Lost in Sound at the Nelson Atkins Museum of Art

Chris Bicourt | December 2, 2017 | NEWS

The Nelson-Atkins Museum of Art in Kansas City, Missouri, has just launched two Antenna-produced immersive walking tours combining the latest in technology with real drama. Stories told by narrators and a changing cast of characters go far beyond describing brush strokes. Imagine the artificial intelligence voiced by Scarlett Johansson in the movie ‘Her’ and you’re getting close to the experience.

Visitors are guided seamlessly through the museum via an app which can be downloaded to theira mobile or an onsite device. Once visitors press “start” they no longer need to interact with their device, embarking on an Antenna-narrated journey that feels like a walking podcast. Navigational directions are subtly embedded in the storytelling and audio is triggered at the exact pace of the visitor’s movements, creating magical moments of discovery and wonder.

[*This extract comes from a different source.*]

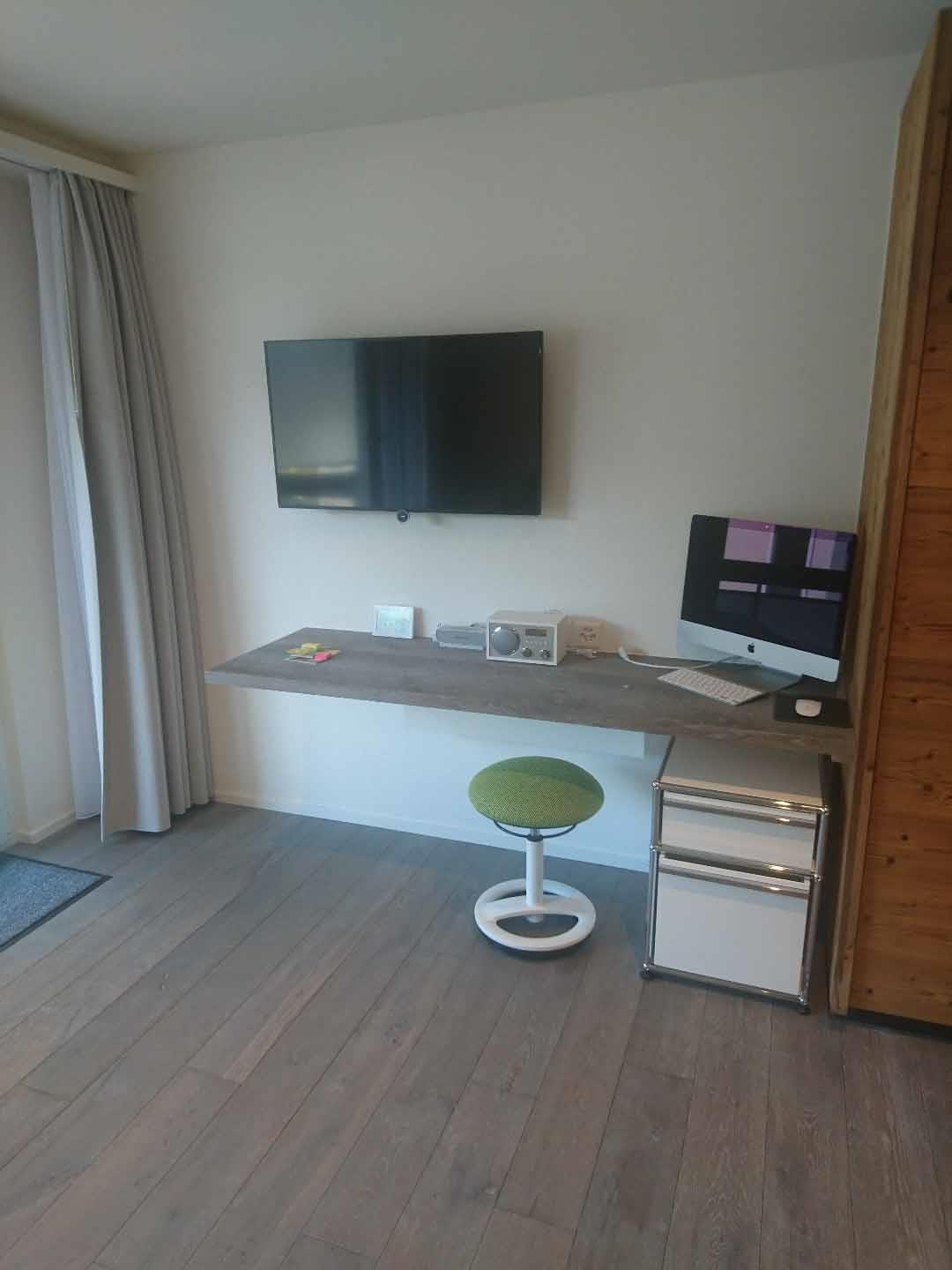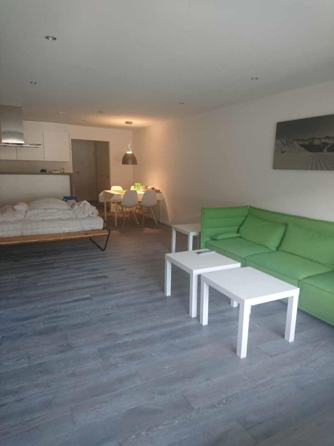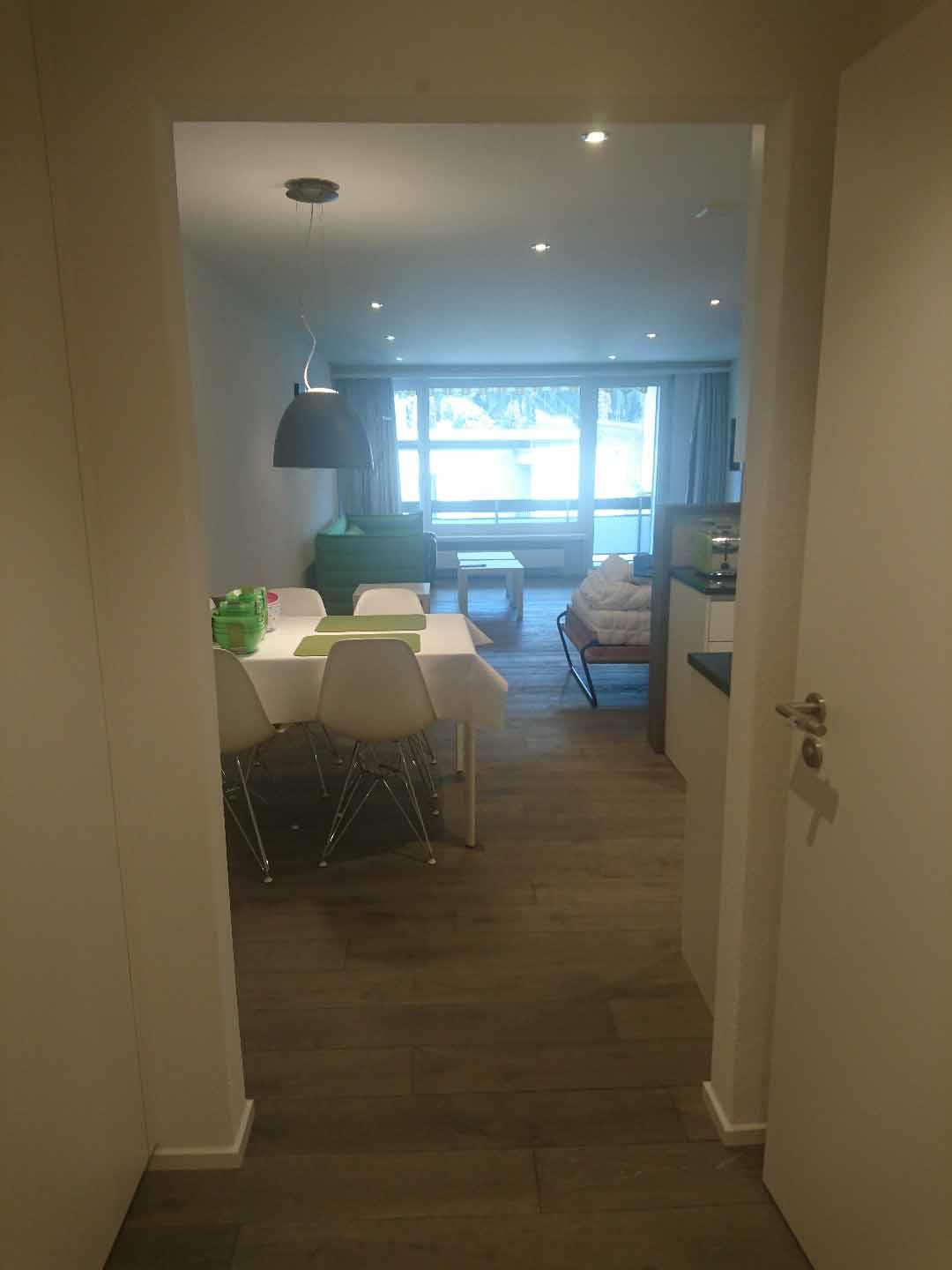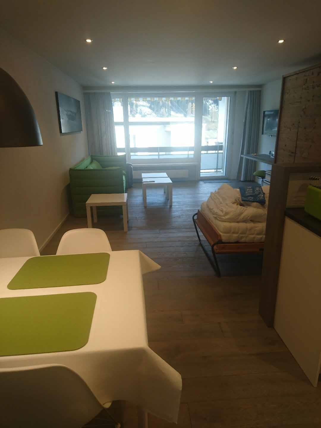 1.5 Zimmer-Wohnung ca. 45 m2. Komplett neue renoviert (2021); zentral gelegen; schöner, grosser, nach Süden gerichteter Balkon; Parkplatz; Waschmaschinen und Tumbler stehen nach Absprache zur Verfügung; Skiraum vorhanden; Wohn-Schlafzimmer mit zwei Schrankbetten, Sofaecke mit Sofa und Tisch, Essecke mit Tisch und 4 Stühlen; TV und Radio; offene Küche mit Induktionsherd, Backofen, Kühlschrank, Spülmaschine, neues Geschirr, Besteck, Töpfe etc.; behbare Dusche mit Alessia-WC und Lavabos; Badezimmer mit Steinboden, ganzer Wohn-Schlafraum mit Holzboden; Haustiere werden nicht zugealssen; Nichtraucher-Wohnung! In wenigen Minuten erreichen sie die Geschäfte, den Bus und die Jakobshornbahn.

From masterpieces to little-known gems, the museum’s collection is, Antenna’s storytellers offer new ways of relating to the museum’s collection. Follow one of the tours and a group of four friends share the hidden facts they’ve discovered in pieces of art throughout the galleries. While looking at Gustave Caillebotte’s “Portrait of Richard Gallo”, visitors hear what sounds like a dinner partyconversation, revealing facts like why “poubelle” is the French word for “trash can” and why newspapers are nicknamed “rags”.

Follow the other route and visitors are immersed in heartbreaking and exhilarating stories on the nature of love. At Edgar Degas’ bronze “Grand Arabesque”, a real-life ballerina describes her passion for dance that is so deep, she gladly walks around with bloody feet.

Iterative testing and close collaboration between Antenna and the museum were vital to the project because the Nelson-Atkins is only the second museum in the United States, after the SFMOMA-Antenna collaboration, to create this type of innovative, story-led, location-aware tour using the Detour app.

“These immersive tours connect with visitors on a deeply human level. The technology allows us to choreograph these magical moments where mind, body, art and space all intersect. Do you learn about the artworks? Of course. But you almost don’t realize it because you are so lost in the story.

“It’s hard to describe but when you turn a corner and your guide gasps in wonder at the same moment you do, it truly feels like you are with a personal companion showing you around.

“It took real daring for the museum to create something so innovative but it has really paid off for their visitors. This is a totally new, fresh and moving form of engagement.”

Anne Manning, Director of Education at the Nelson-Atkins Museum of Art comments: “We saw this chance to design experiences for our visitors that would transform their understanding of our collection – and we grabbed it with both hands. This is exactly what we believe in as a museum.

“This is all new, so we partnered really closely with Antenna to test, iterate and finalize during the development of the soundwalks. It had to work perfectly seamlessly so the technology would disappear and the visitor would focus solely on the story.

“What we have created together is even beyond what we’d hoped. We are seeing visitors have strong emotional responses, from laughter to tears.”